= Jennifer Rothman =

American legal scholar (born 1969)

Jennifer E. Rothman is an American legal scholar who specializes in intellectual property, privacy, entertainment & media law, and is recognized as the leading expert on right of publicity and personality rights. In 2021, Rothman was appointed as the Nicholas F. Gallicchio Professor of Law at the University of Pennsylvania Law School.

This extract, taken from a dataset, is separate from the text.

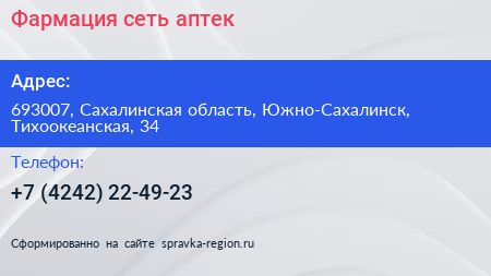 Фармация, сеть аптек по адресу 693007, Сахалинская область, Южно-Сахалинск, Тихоокеанская, 34 в дальнейшем Организация, размещена в следующих категориях:

Her book, The Right of Publicity: Privacy Reimagined for a Public World, published by Harvard University Press, has been described as the “definitive biography of the right of publicity.” Rothman is also the author of numerous essays and articles including “Postmortem Privacy”, published in the Michigan Law Review, “Navigating the Identity Thicket: Trademark’s Lost Theory of Personality, the Right of Publicity, and Preemption”, published in the Harvard Law Review, "The First Amendment and the Right(s) of Publicity, published in the Yale Law Journal, and "The Inalienable Right of Publicity, published in the Georgetown Law Journal.

Rothman has testified in Congress multiples times, most recently to address issues involving intellectual property, personality rights, and artificial intelligence. Rothman is also the creator of Rothman’s Roadmap to the Right of Publicity, an online resource, located at www.rightofpublicityroadmap.com, that provides analysis of right of publicity and related laws, as well as commentary on recent cases and legislation.

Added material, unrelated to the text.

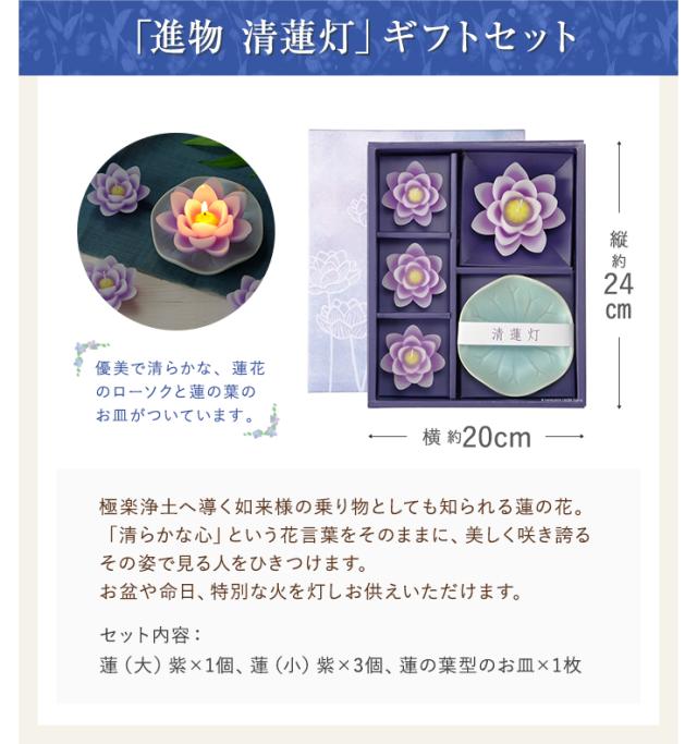 ◎内容量:清蓮灯(紫) キャンドル(大サイズ1個、小サイズ3個)、蓮の葉型のお皿1枚

Rothman is the Reporter for the Uniform Law Commission Study of the Protection of Name, Image, and Likeness Rights, an elected member of the American Law Institute, and an adviser on the Restatement of the Law (Third) of Torts: Defamation and Privacy.

Rothman was raised in Berkeley, California. After graduating from Princeton University, she attended the University of Southern California School of Cinematic Arts and worked for Paramount Pictures and Castle Rock Entertainment. After earning a J.D. degree from the UCLA School of Law, Rothman served as a law clerk for Marsha S. Berzon. She has served on the faculty at Washington University in St. Louis and at Loyola Law School as the William G. Coskran Professor of Law.